Background information
- Origin: Germany
- Genres: Pop, R&B, dance-pop
- Years active: 2006–2011
- Labels: Starwatch/Warner
- Past members: Mandy Capristo Senna Gammour Bahar Kızıl

= Monrose =

German pop band

Monrose was a German pop girl group, first established in November 2006. Formed on the fifth installment of the German adaption of the international television talent show Popstars, the trio consisted of singers Mandy Capristo, Senna Gammour, and Bahar Kızıl. They were signed to Starwatch Music and released their debut album Temptation in December 2006. It achieved major success throughout Central Europe, selling more than a 600,000 copies combined and produced two singles, including number-one breakthrough hit "Shame" and "Even Heaven Cries".

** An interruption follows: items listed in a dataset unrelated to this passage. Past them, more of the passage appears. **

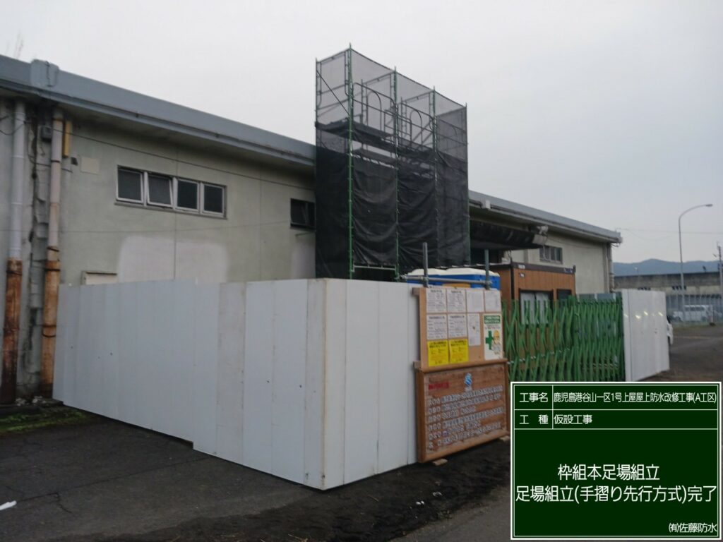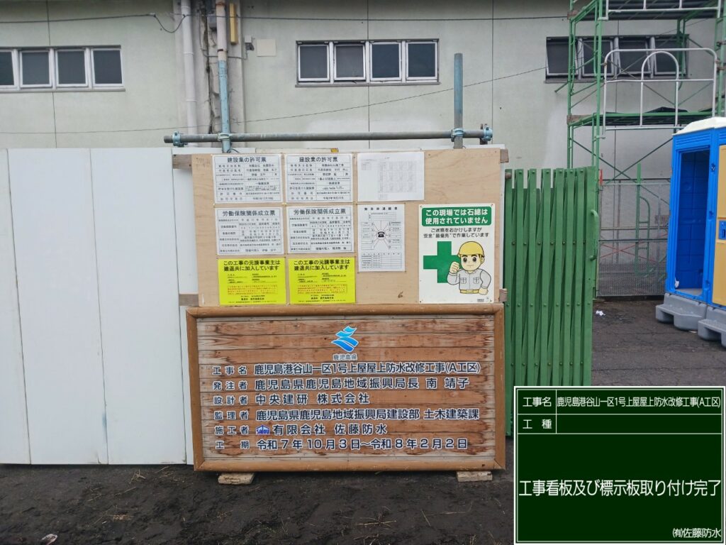 足場と仮囲いの設置、工事看板設置も完了し、いよいよ工事着手です!!!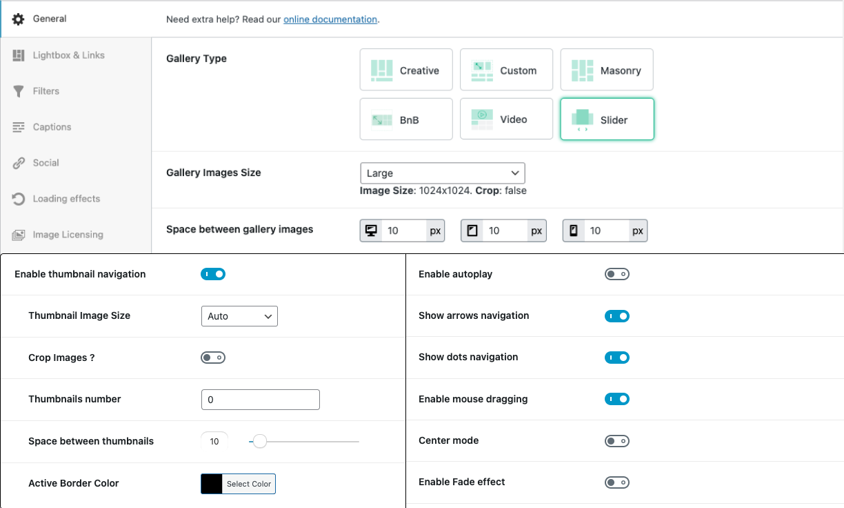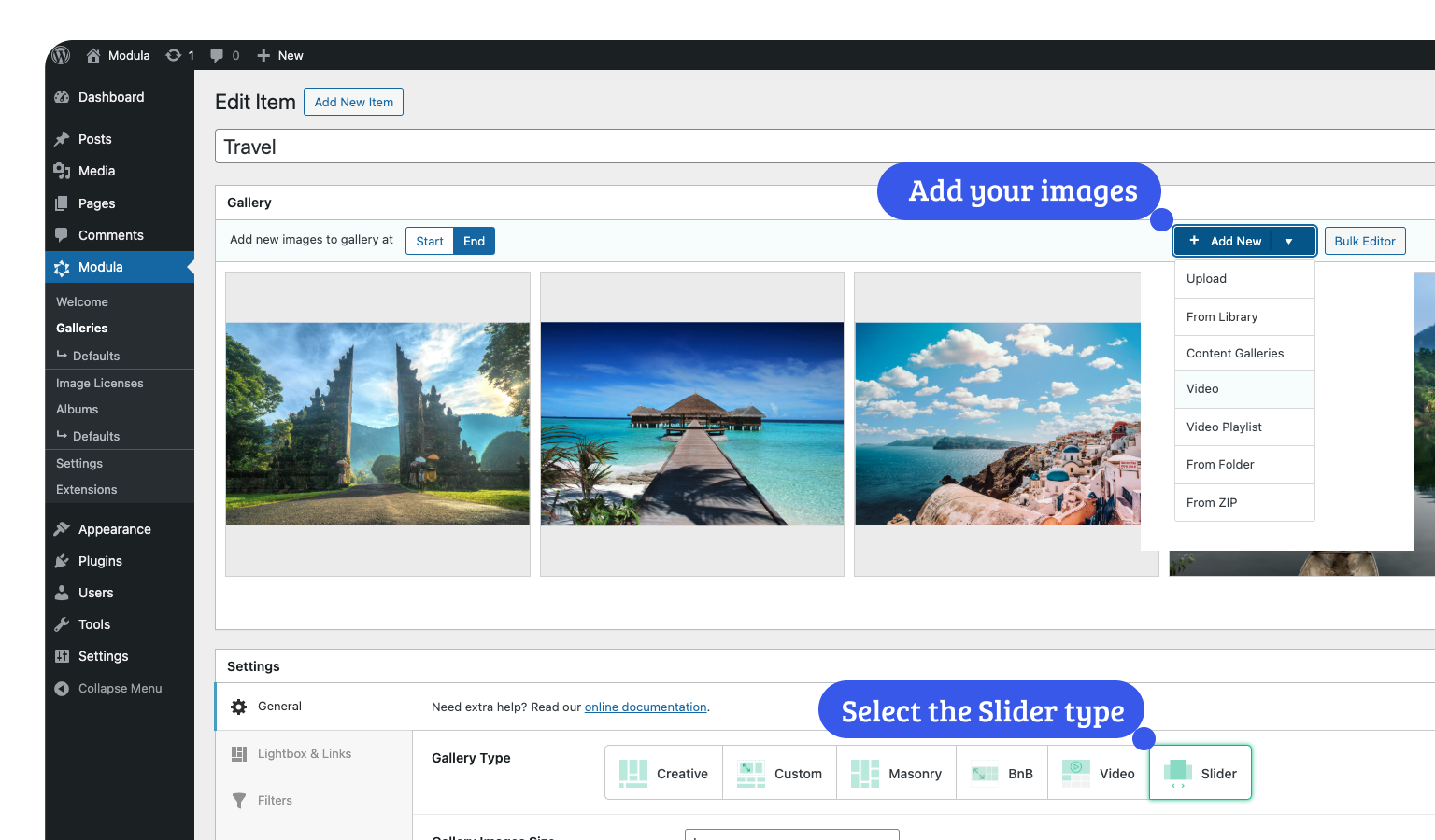 Select the Slider gallery type, then upload your desired images. Customize the slider layout and behavior.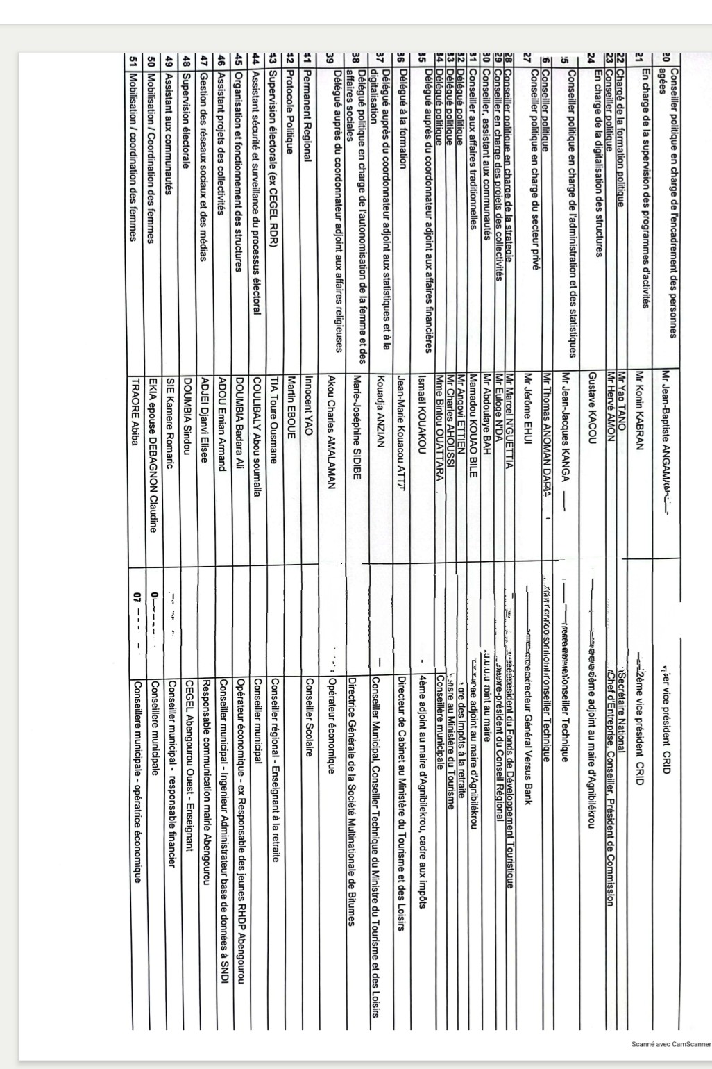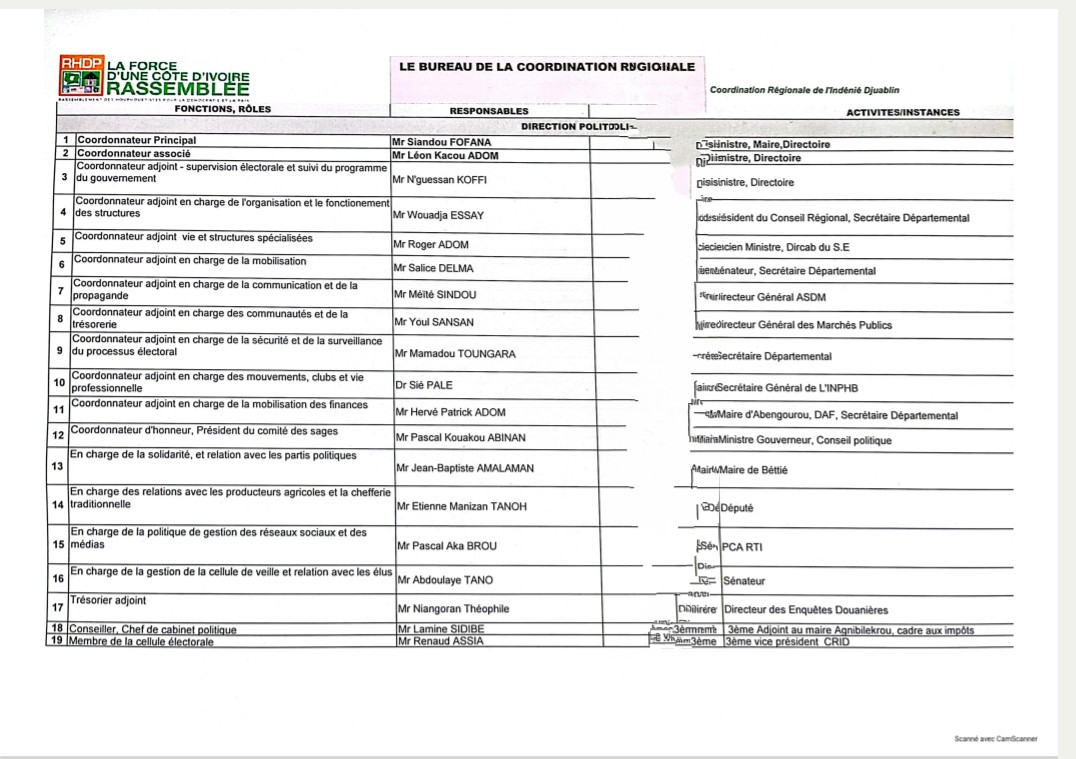 Hormis les coordonnateurs associés et adjoints, les Ministres Léon Houadja Kacou Adom, Nguessan Koffi, Roger Adom, Siandou Fofana a décliné la nomenclature stratégique de la Coordination du parti au pouvoir pour le demeurer dans les trois départements de la région que sont Abengourou, Agnibilekrou et Bettié.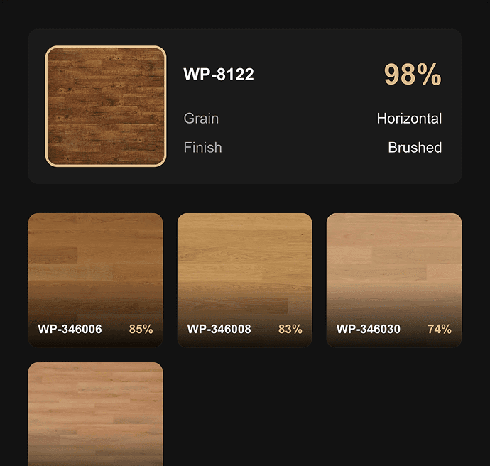 Instantly identify material scans, finish samples, and color profiles by visual similarity, eliminating side-by-side comparison across entire product catalogue.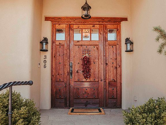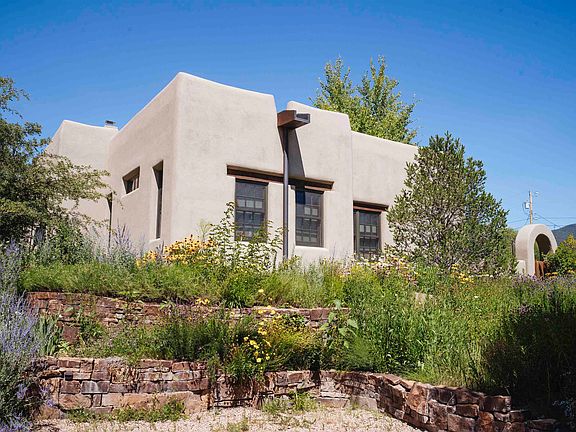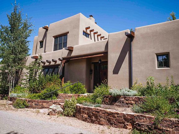 ESCAPE TO AN OASIS of tranquility in the heart of Taos, New Mexico. This exquisite 4,950 sf. 3 bedroom main house and a separate attached 2 bedroom casita, all nestled on .385 acres, is a masterpiece of design and craftsmanship. Step through the hand-crafted front door into a formal living room adorned with hand-plastered walls, 10' ceilings, custom bookcases, polished concrete floors and a southwestern fireplace. Vigas and herringbone latilla ceilings add warmth and character to this elegant space. The gourmet kitchen is a chef's dream, boasting a Jade Range, GE Monogram double-oven, Bosch Dishwasher & LG Refrigerator, custom wood cabinetry, granite countertops, a walk-in pantry, and LED under-cabinet lighting. The kitchen flows nicely to the interior courtyard or lush gardens for outdoor dining. Pantry/mud/laundry room with LG Washer/Dryer offers access to the heated two car garage. A long corridor leads to a luxurious primary suite, complete with a dressing room featuring his and her closets, a southwestern fireplace, and a spa-like bathroom with a walk-in shower and a large soaking tub. A thoughtfully designed guest suite, features built-in closets along with a spacious attached bathroom. Ascend to the second floor via a graceful staircase or convenient elevator to the beautiful great room with large elegant windows and doors, along with the continuation of latilla ceilings, built-in bookcases, and a hand-carved mantel gracing the fireplace. An additional bedroom, currently used as an office, a convenient stylish kitchenette, along with a contemporary bathroom complete the interior rooms on the upper level. Outside is a private portal w/ a raised wood-burning fireplace and comfortable built-in bancos. The portal offers ample space for entertaining family and friends as you enjoy the stunning views of Taos Mountain. Descend to the impressive wine cellar, where you'll find room for over 1,350 bottles, a sophisticated granite tasting counter, storage room, and a reassuring battery backup system. The attached casita with a separate entrance offers a delightful retreat; featuring a kitchenette, a living room with fireplace, and a sweet dining area. Two bedrooms and one bath can comfortably accommodate up to four guests.. The home is surrounded by adobe walls, tiered rock walls, mature gardens, perennial beds, and a gated vegetable gardens. There is also a separate lawn area with a private hot tub. Additionally, there is a free standing, 475 sf. storage shed, with mini split for heating and air conditioning, that can easily be converted to a cool artist studio or large workshop. Located within walking distance to the historic Taos Plaza, Kit Carson Park, and the town's vibrant art galleries, celebrated cafes and culinary scene. Adjoining lot is available for sale. Schedule your private showing today, and experience the unparalleled luxury and tranquility of this Taos sanctuary.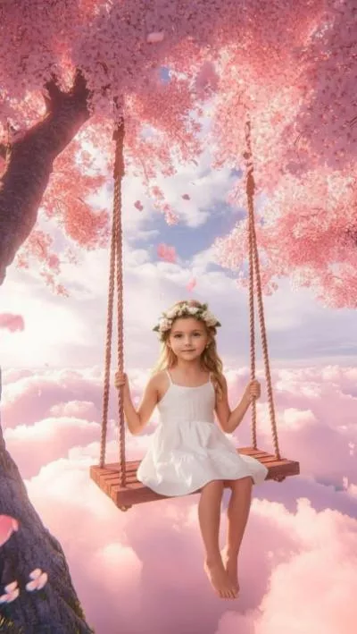 Blend Anime and Reality Baby Girl Swing in Anime Sky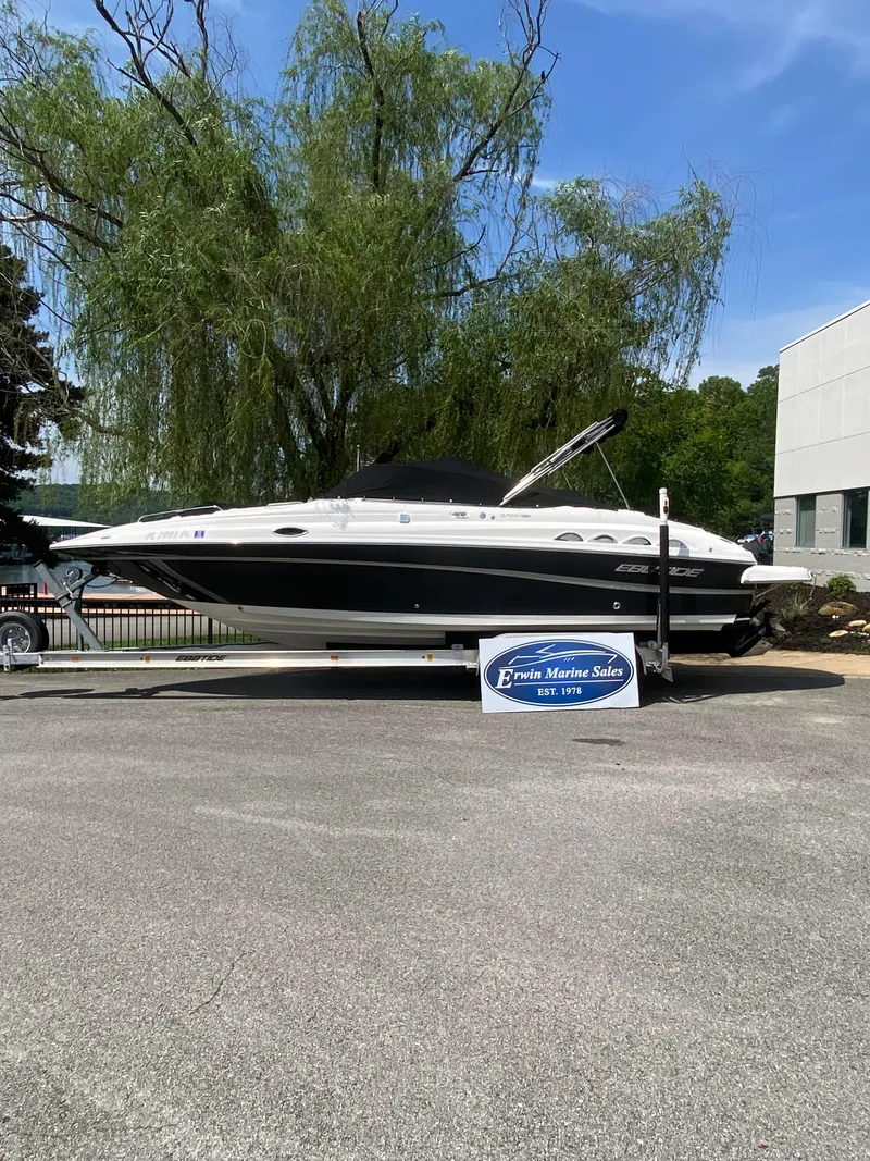 This is a fully loaded 2700 Ebbtide with only 183 hours on a Mercruiser 496 Mag HO Bravo III (425php). It is loaded with Full Bow Rider with Center Cabin Layout; Dockside Air Conditioning; Pump Out Head Newer Dash & Gauges with 4 USB Charging Ports; Full Cover that covers Hull Sides; Lenco Trim Tabs; Cockpit Carpet & Full Cockpit Enclosure; 2015 Tandem Axle Magic Tilt Trailer.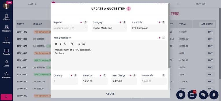 It is a project management software that allows you and your team to manage projects, tasks, collaborations, quotes, billing, reporting, contacts and much more.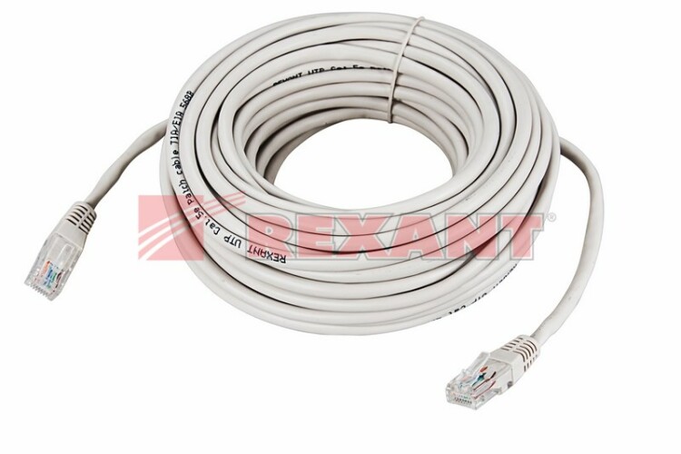 Коммутационный шнур, патч-корд, U/UTP категории 5e, длина 25 метров, неэкранированный, ПВХ, серый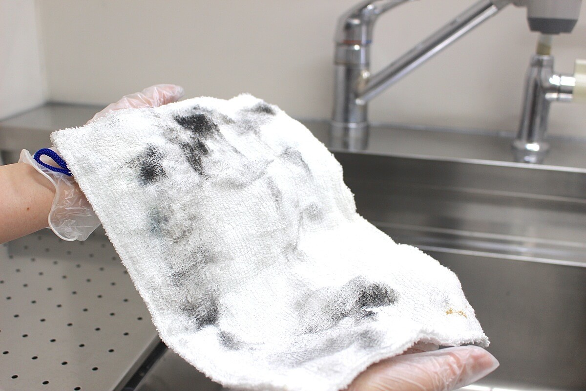 汚れがとれたら、拭き上げ用の乾いた布でピカールを拭き取ります。 このとき拭き残しがないよう、しっかり拭き取ることを心掛けましょう。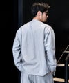 首元は無駄を削ぎ落としたノーカラー仕様。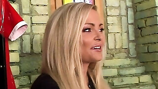 blonde latex nurse investigates her blond patient with enema, speculum and suction cups

Their second studio album, Strictly Physical, was released in September 2007 following the release of their second chart-topper "Hot Summer", and certified double gold the next year. The group's third studio album I Am was released in October 2008, followed by a fourth album named Ladylike in June 2010, which produced their final top ten entry "Like a Lady". The group became one of the few German reality television acts to achieve continued success, amassing sales in excess of three million records. In November 2010, it was announced that the group would split up in 2011, with each member stating that they would pursue their own solo projects.

==History==

=== 2006–2007 Formation and Temptation ===
Under the motto Neue Engel braucht das Land ("The country needs new angels"), Popstars returned with a fifth installment in August 2006, this time searching for the legal successors of the show's first and most successful formation, No Angels. More than 5,100 hopeful female singers attended open television auditions in Frankfurt, Stuttgart, Hanover, Munich, and Dortmund, judged by choreographer and dancer Detlef "D!" Soost, music producer Dieter Falk, and singer Nina Hagen. Over the course of several 'recalls' and 're-recalls', the three judges reduced the contestants to a group of 20 who immediately travelled to Ischgl, Tyrol, to get trained in singing, dancing, and fitness. In the end, eleven girls remained who again moved into a mansion in Pullach, Munich, to start working on their performance and publicity skills. While Soost, Falk, and Hagen continued eliminating one or two girls each week, the six remaining finalists went on with the recordings of alternative versions of their debut album Temptation and the video shoot for their first single "Shame". On the season's finale on 23 November 2006, three of the six were chosen to make the band: Mandy Capristo, Senna Gammour, and Bahar Kızıl beat out Arjeta Zuta, Katarzyna Zinkiewicz, and Romina Reinhardt – and eventually formed the trio Monrose.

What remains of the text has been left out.